Personen, deren finanzielle Lage es ihnen nicht erlaubt, ihre Güter zu versichern und die ein Eingliederungseinkommen oder eine vergleichbare Unterstützung beziehen, können jedoch auch eine Entschädigung für den Inhalt oder das Gebäude beantragen.

Der Entschädigungsantrag muss durch den Eigentümer der Güter eingereicht werden.

Derzeit muss noch folgendes Formular ausgefüllt werden: https://interieur.wallonie.be/sites/default/files/2021-05/formulaireEntsch%C3%A4digungsantrag.pdf. Die Regierung hat jedoch angekündigt, in den nächsten Tagen, die Entschädigungsprozedur dem Ausmaß der Überschwemmungen anpassen zu wollen.
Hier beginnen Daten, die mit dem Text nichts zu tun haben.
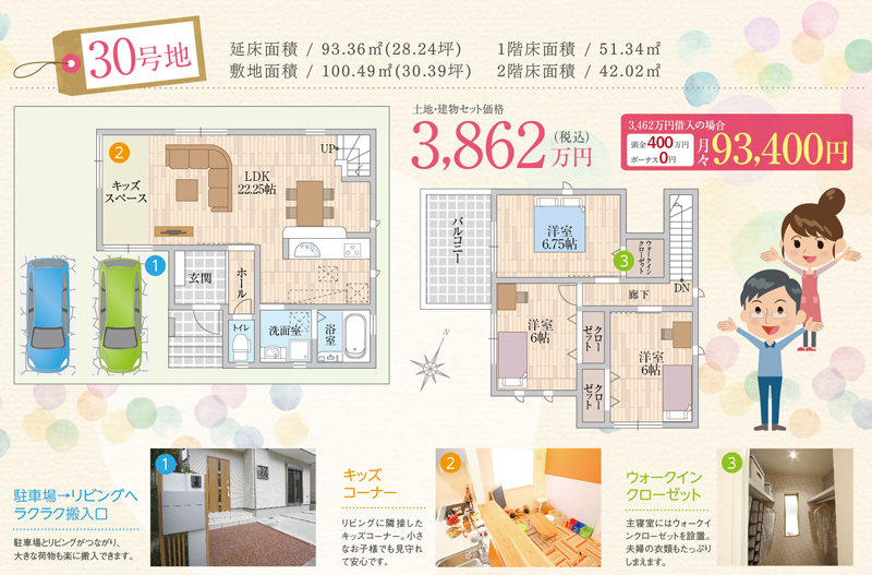 3号地は、20帖越えのひろびろLDKや目の届くところで子どもを遊ばせられるキッズスペースなど子育て世代に嬉しい設計になっています。
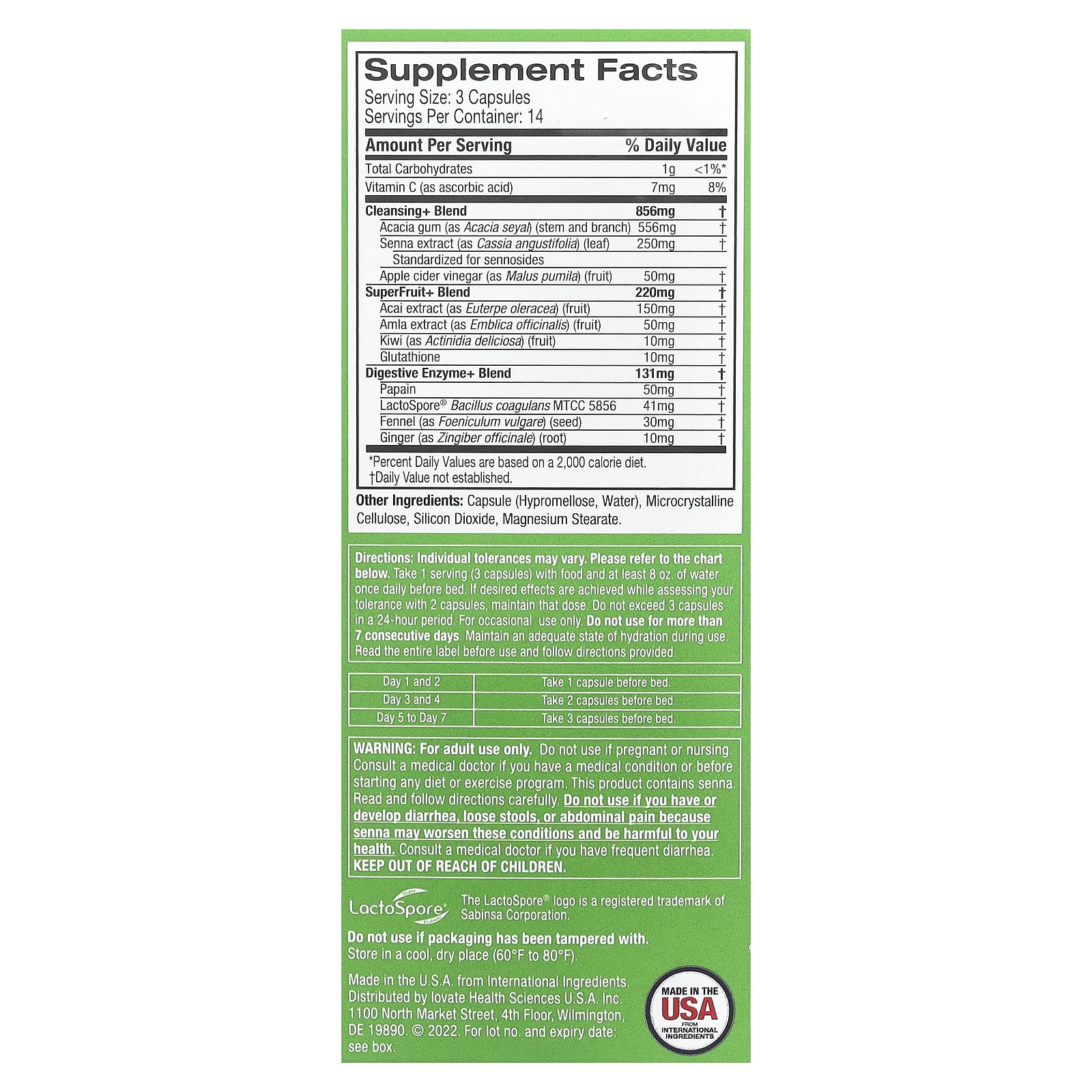 Somente para uso de adultos. Não use se estiver grávida ou amamentando. Consulte um médico se você tiver algum problema de saúde ou antes de iniciar qualquer dieta ou rotina de treino. Este produto contém senna. Leia e siga as instruções cuidadosamente. Não use se você tiver ou desenvolver diarreia, fezes moles ou dor abdominal, porque senna pode piorar esses quadros e ser prejudicial à sua saúde. Consulte um médico se tiver diarreia com frequência. Mantenha fora do alcance de crianças.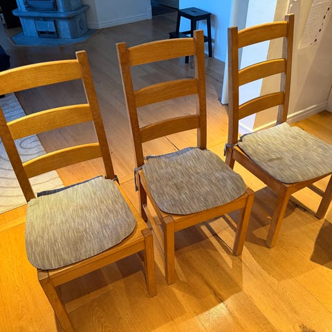 Stolarna har en varm träfinish och mjuka sitsar i tyg, vilket gör dem både bekväma och stilrena. Perfekta till matbord, kök eller lantlig/klassisk inredning.
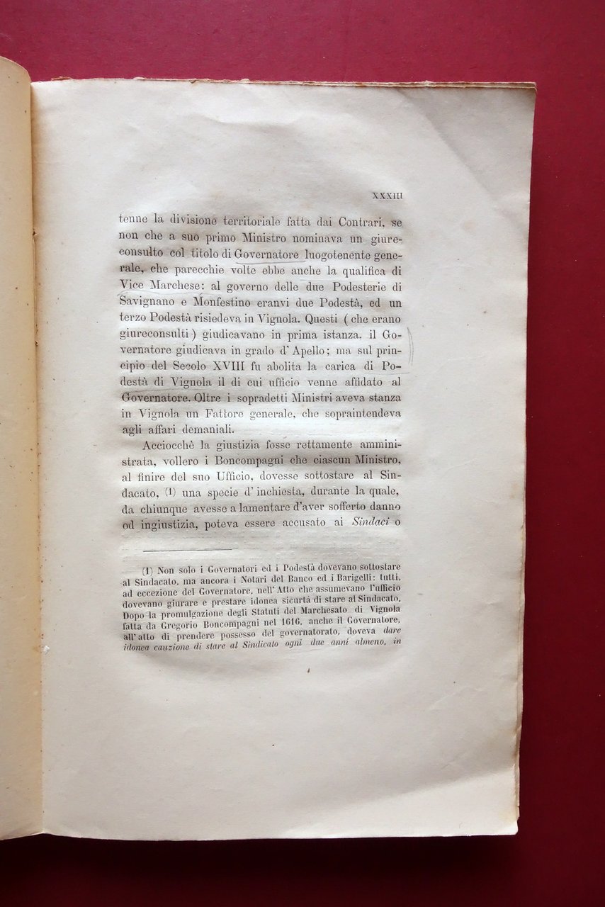 Statuti e Leggi per il Marchesato di Vignola Tip. Monti 1877 Originale Raro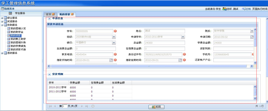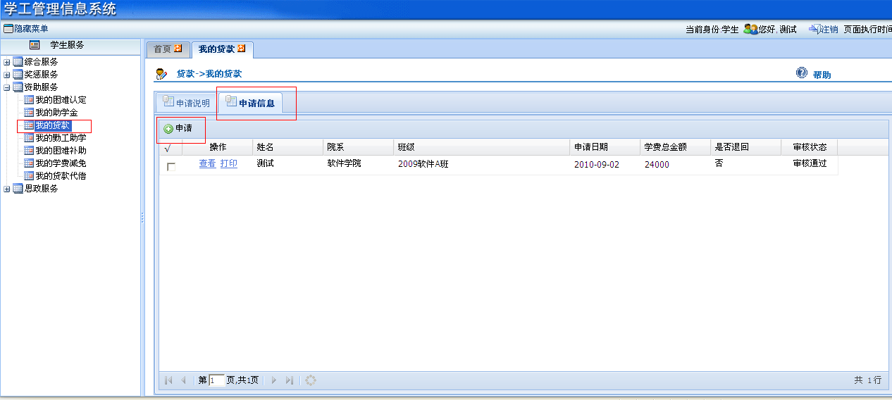 ①学生登录学工管理信息系统“资助服务”—“我的贷款”,可以看到申请说明信息。申请页面如下:

Es könnte also sein, dass in Kürze ein spezielles Formular herausgegeben wird.

Wenn die Güter versichert sind, muss vorher eine Beteiligung der Versicherungsgesellschaft beantragt werden.

Wenn der Antrag vollständig und zulässig ist, werden die Schäden gemeinsam eingeschätzt. Die Höhe des Schadensersatzes wird aufgrund einer Tabelle mit verschiedenen Tranchen bestimmt. Alle erhaltenen Entschädigungen und Beihilfen werden abgezogen. Die Kosten von Schutzmaßnahmen, die auf Kosten des Geschädigten ergriffen und als nützlich für die Schadensbegrenzung anerkannt wurden, können zu 70 % übernommen werden.

Die Entscheidung des regionalen Katastrophenhilfsfonds kann innerhalb von 60 Tagen beim Fonds selbst beanstandet werden. Sie kann auch gerichtlich angefochten werden.